Data excerpts section start
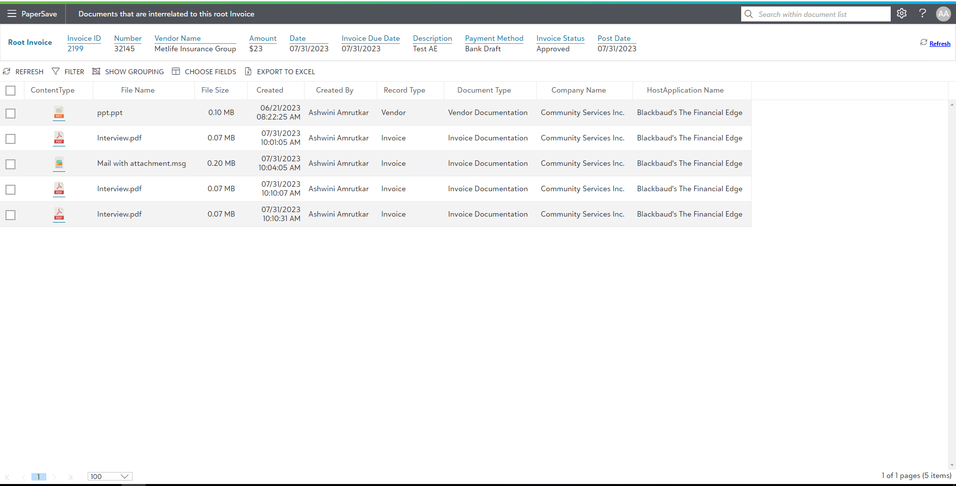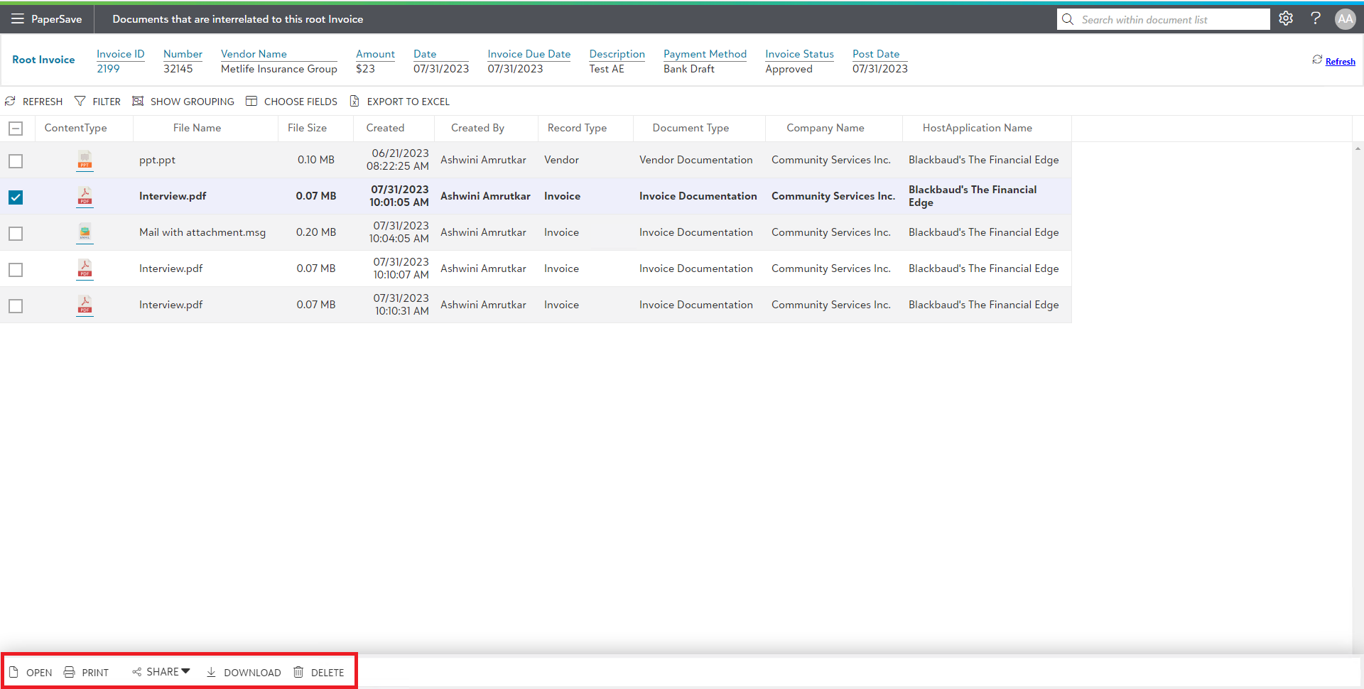 2) Now, it will open interrelated document list window of PaperSave application. If there are multiple documents interrelated with the Financial Edge record, then PaperSave document list as shown in the below screen.
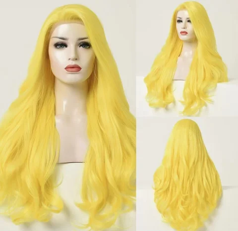 Meinmod Long Body Wave Yellow Synthetic Lace Front Wigs for Woman Heat Resistant Fiber Hair Natural Hairline Side Part Wigs
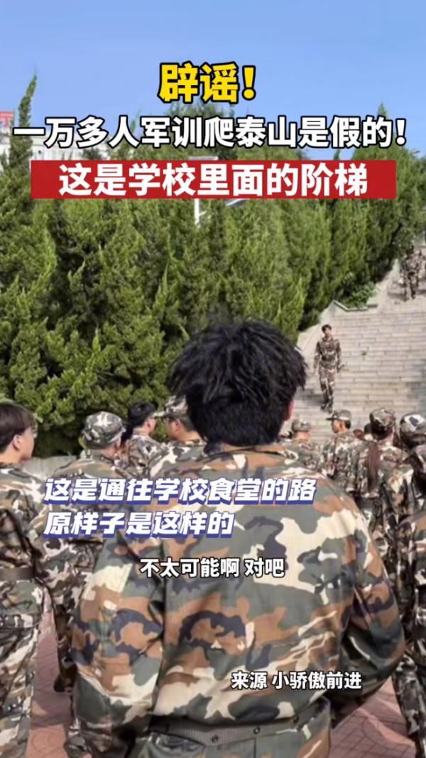 山東一高校軍訓爬“泰山”的視頻
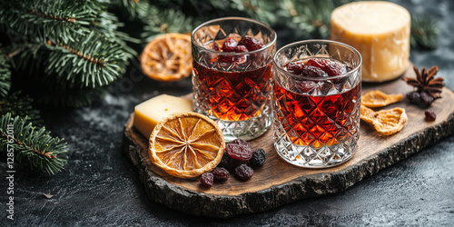 Two glasses of warm, spiced drink with dried fruit and cheese on a wooden board, with pine needles. Ideal for holiday food blogs, recipe sites, and festive social media posts.
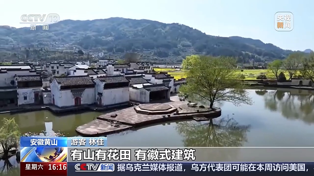 游客 林佳:我们从上海来的,搭高铁2个多小时就到了。沿路的风景很漂亮,有山有花田有徽式建筑。在这边生活,步调慢悠悠,很幸福。
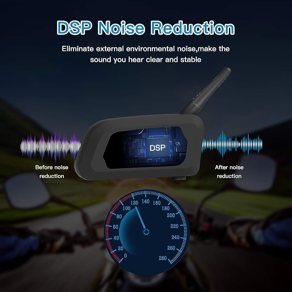 تقنية تقليل الضوضاء المتقدمة: مع تقنية إلغاء الضوضاء DSP المحسنة ورقاقة CSR المدمجة، فإنها تقلل من ضوضاء الرياح المحيطة والخلفية. يُسمح لك بالاستمتاع بصوت استريو Bluetooth بجودة صوت عالية الوضوح أثناء الركوب بسرعة عالية.
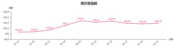 据临沂商城价格指数信息系统监测,本周(5月24日-5月31日)临沂商城周价格总指数为100.38点,环比上涨0.02点。
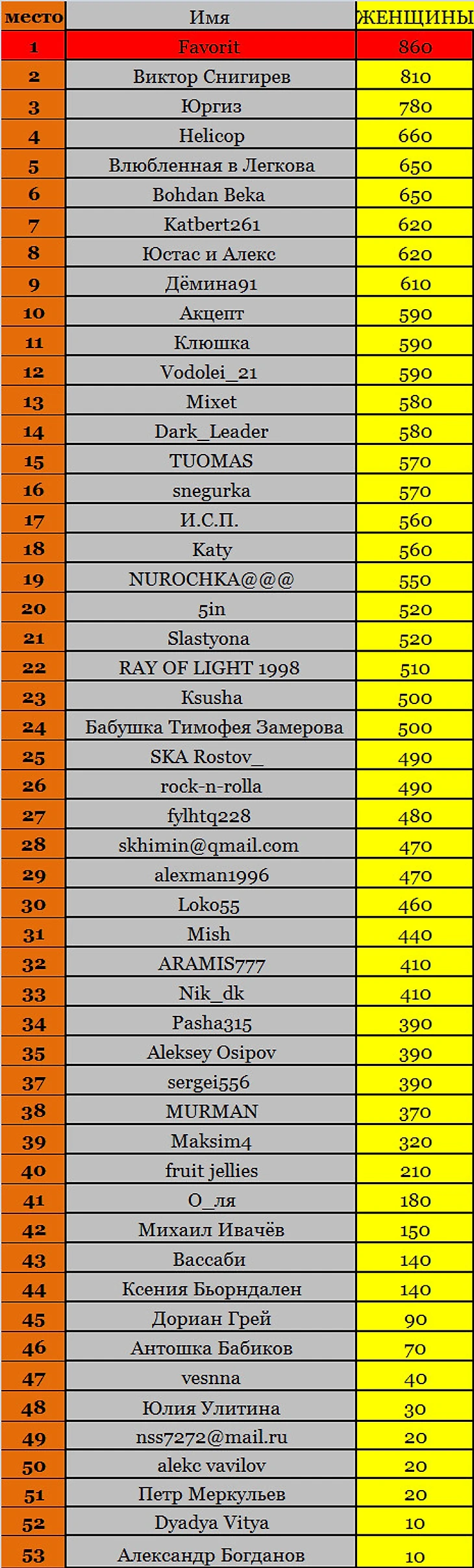 3.  Зачет женского кубка мира побеждает Favorit, оправдывая свой ник-нейм.
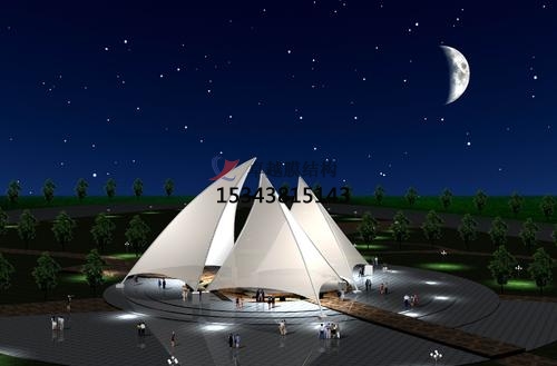 2.膜結構建筑的整體藝術性強的特點:膜結構建筑突破了傳統(tǒng)的建筑結構類型,以造型學、色彩學為依托,可以結合每個現(xiàn)場的自然條件,充分發(fā)揮建筑師的想象力,根據(jù)創(chuàng)意建造出傳統(tǒng)建筑難以實現(xiàn)的曲線線條造型,使膜結構建筑建筑色彩豐富,富有時代氣息,可以完美的詮釋出結構的構件受力之美。夜晚在配合燈光易形成夜景,會給人以現(xiàn)代美的享受。
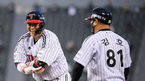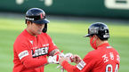 [OSEN=대전, 지형준 기자] 28일 오후 대전 한화생명이글스파크에서 ‘2021 신한은행 SOL KBO리그’ 한화 이글스와 SSG 랜더스의 경기가 열렸다.1회초 2사 1,2루에서 SSG 정의윤이 선제 1타점 적시타를 날리고 조동화 코치와 주먹을
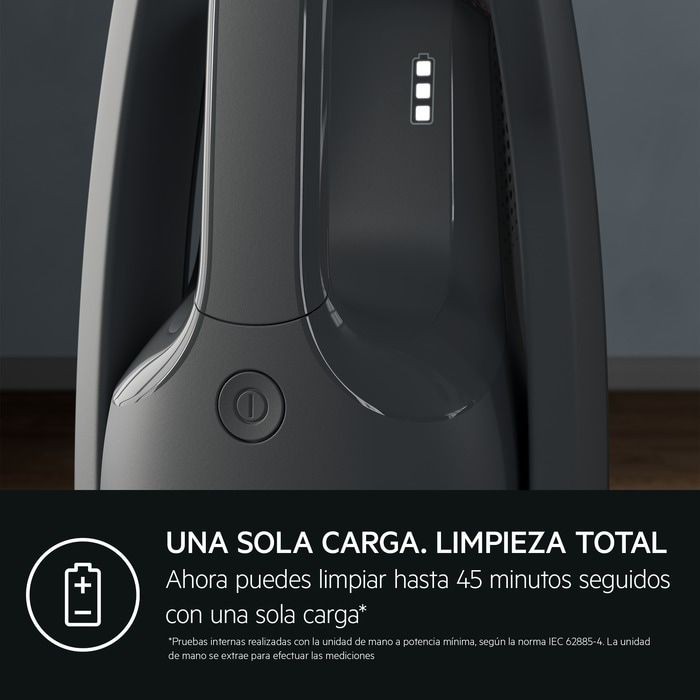 La AEG AS52CB18DG Serie 5000 es la aspiradora sin cable ideal para quienes buscan una solución de limpieza práctica, potente y eficiente. Su diseño ergonómico y ligero permite maniobrar con facilidad por toda la casa, alcanzando desde suelos duros hasta alfombras y esquinas difíciles. Con hasta 45 minutos de autonomía, disfrutarás de una limpieza continua sin interrupciones, perfecta para hogares, apartamentos o espacios pequeños.
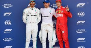 Hamilton (E) não abraça Bottas (C) após perder a pole para companheiro Foto: LLUIS GENE / STF Barcelona – A Mercedes tem um início de temporada dos sonhos na Fórmula 1 em 2019. Pela quinta vez no ano, a equipe conseguiu uma dobradinha na pole position com Valtteri Bottas e ...
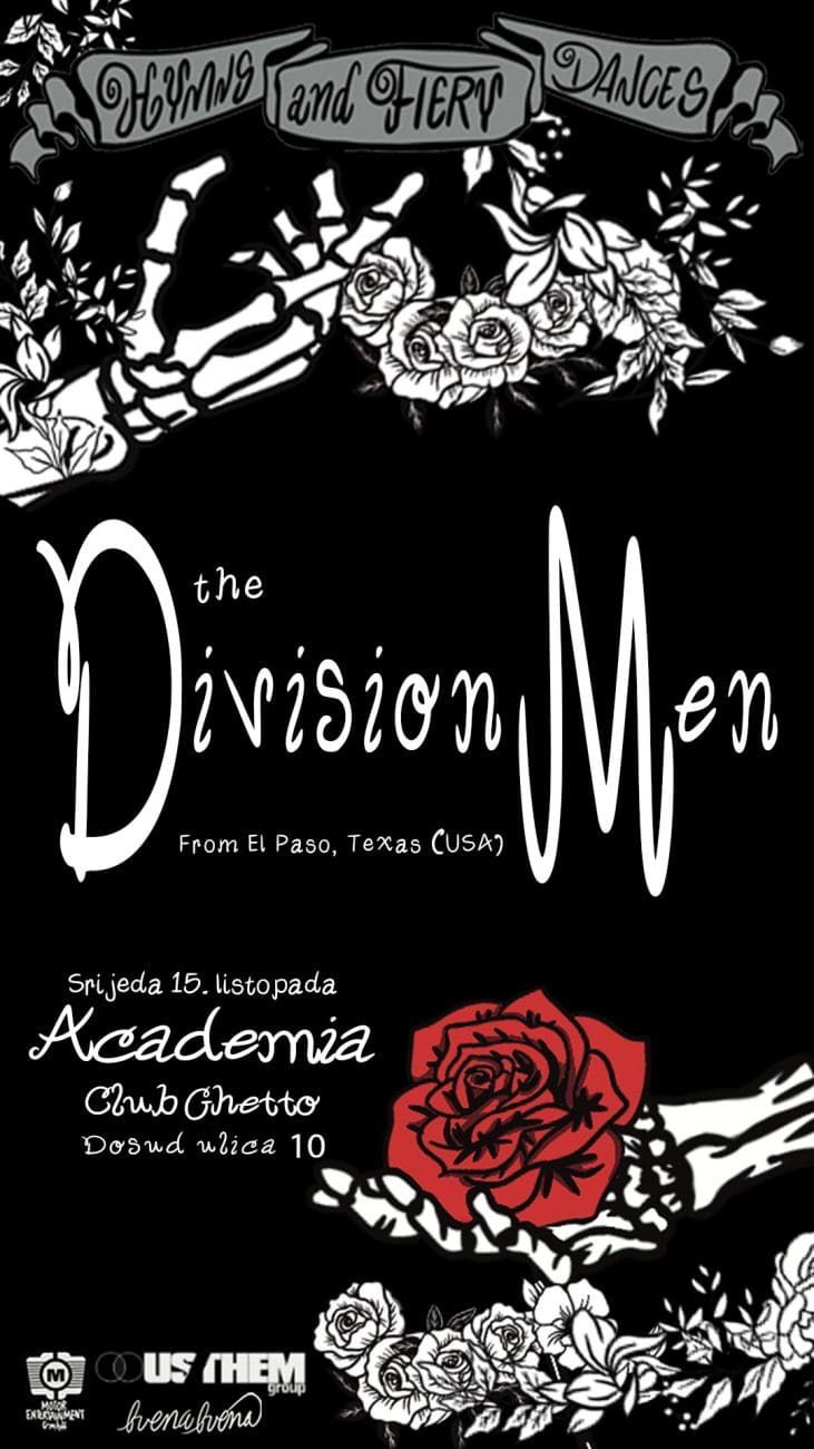 THE DIVISION MEN je akustični duo iz El Pasa u Texasu, USA. Bend je upravo dovršio svoj četvrti studijski album, koji će uskoro biti objavljen za izdavačku kuću Motor Music iz Berlina. Nastup u Academia Club Ghetto u Splitu dio je tromjesečne europske turneje na kojoj promoviraju novi album.
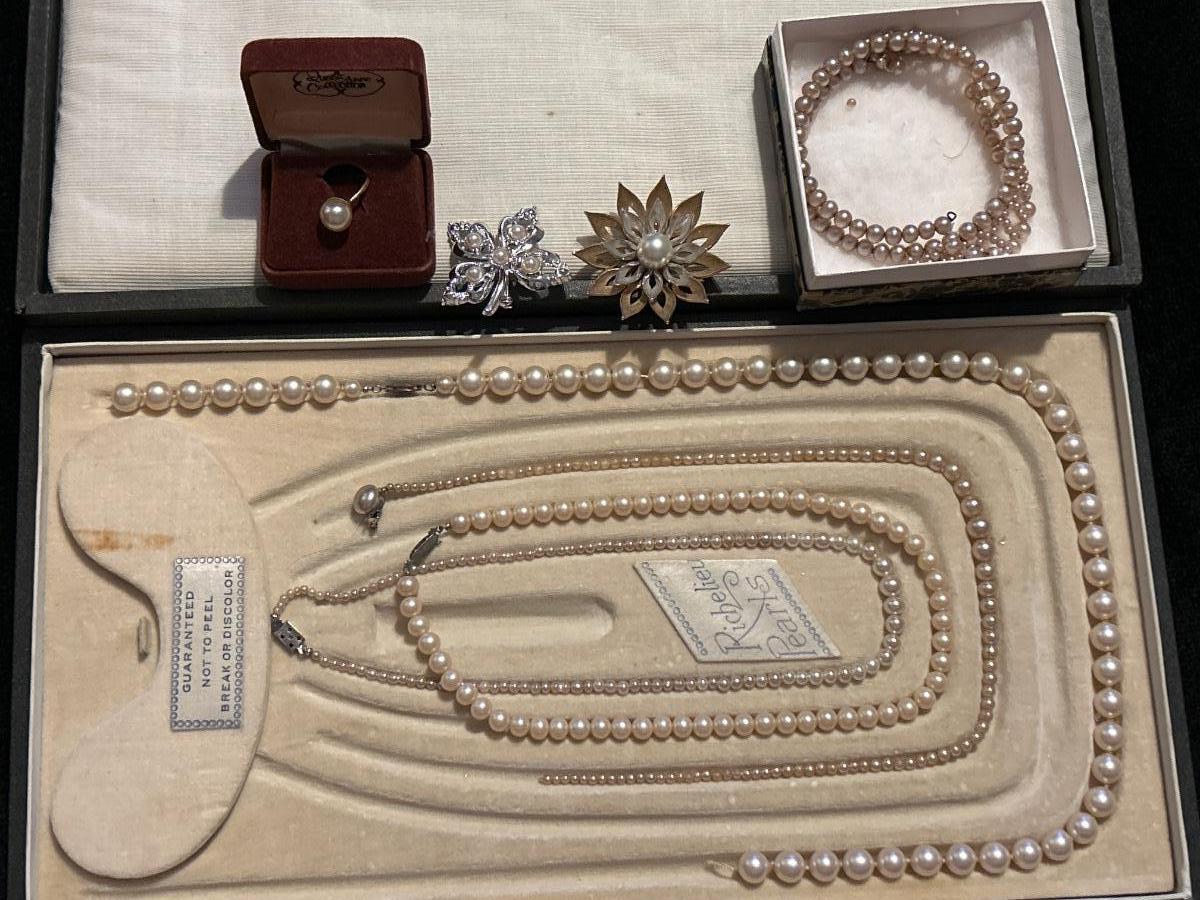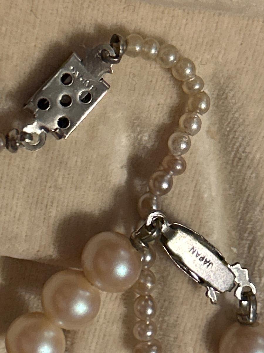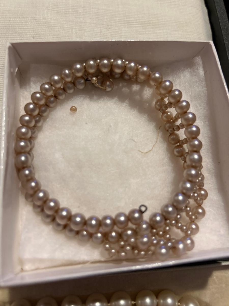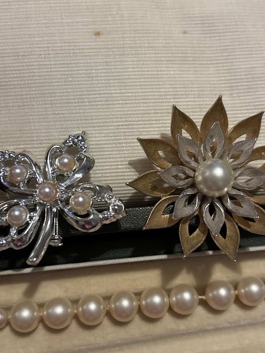 The center two strands are not broken and they are stamped Japan. This is just the box they were in, so I cannot guarantee they are real or not. The larger brooch is stamped Sarah Canada.
Data excerpts section end
* [About this task] Before writing out the material above, please remove its pictures; everything else stays exact.

* [Result for this task]
 2) Now, it will open interrelated document list window of PaperSave application. If there are multiple documents interrelated with the Financial Edge record, then PaperSave document list as shown in the below screen.
 Meinmod Long Body Wave Yellow Synthetic Lace Front Wigs for Woman Heat Resistant Fiber Hair Natural Hairline Side Part Wigs
 山東一高校軍訓爬“泰山”的視頻
 Two glasses of warm, spiced drink with dried fruit and cheese on a wooden board, with pine needles. Ideal for holiday food blogs, recipe sites, and festive social media posts.
 游客 林佳:我们从上海来的,搭高铁2个多小时就到了。沿路的风景很漂亮,有山有花田有徽式建筑。在这边生活,步调慢悠悠,很幸福。
 تقنية تقليل الضوضاء المتقدمة: مع تقنية إلغاء الضوضاء DSP المحسنة ورقاقة CSR المدمجة، فإنها تقلل من ضوضاء الرياح المحيطة والخلفية. يُسمح لك بالاستمتاع بصوت استريو Bluetooth بجودة صوت عالية الوضوح أثناء الركوب بسرعة عالية.
 据临沂商城价格指数信息系统监测,本周(5月24日-5月31日)临沂商城周价格总指数为100.38点,环比上涨0.02点。
 3.  Зачет женского кубка мира побеждает Favorit, оправдывая свой ник-нейм.
 2.膜結構建筑的整體藝術性強的特點:膜結構建筑突破了傳統(tǒng)的建筑結構類型,以造型學、色彩學為依托,可以結合每個現(xiàn)場的自然條件,充分發(fā)揮建筑師的想象力,根據(jù)創(chuàng)意建造出傳統(tǒng)建筑難以實現(xiàn)的曲線線條造型,使膜結構建筑建筑色彩豐富,富有時代氣息,可以完美的詮釋出結構的構件受力之美。夜晚在配合燈光易形成夜景,會給人以現(xiàn)代美的享受。
 [OSEN=대전, 지형준 기자] 28일 오후 대전 한화생명이글스파크에서 ‘2021 신한은행 SOL KBO리그’ 한화 이글스와 SSG 랜더스의 경기가 열렸다.1회초 2사 1,2루에서 SSG 정의윤이 선제 1타점 적시타를 날리고 조동화 코치와 주먹을
 La AEG AS52CB18DG Serie 5000 es la aspiradora sin cable ideal para quienes buscan una solución de limpieza práctica, potente y eficiente. Su diseño ergonómico y ligero permite maniobrar con facilidad por toda la casa, alcanzando desde suelos duros hasta alfombras y esquinas difíciles. Con hasta 45 minutos de autonomía, disfrutarás de una limpieza continua sin interrupciones, perfecta para hogares, apartamentos o espacios pequeños.
 Hamilton (E) não abraça Bottas (C) após perder a pole para companheiro Foto: LLUIS GENE / STF Barcelona – A Mercedes tem um início de temporada dos sonhos na Fórmula 1 em 2019. Pela quinta vez no ano, a equipe conseguiu uma dobradinha na pole position com Valtteri Bottas e ...
 THE DIVISION MEN je akustični duo iz El Pasa u Texasu, USA. Bend je upravo dovršio svoj četvrti studijski album, koji će uskoro biti objavljen za izdavačku kuću Motor Music iz Berlina. Nastup u Academia Club Ghetto u Splitu dio je tromjesečne europske turneje na kojoj promoviraju novi album.
 The center two strands are not broken and they are stamped Japan. This is just the box they were in, so I cannot guarantee they are real or not. The larger brooch is stamped Sarah Canada.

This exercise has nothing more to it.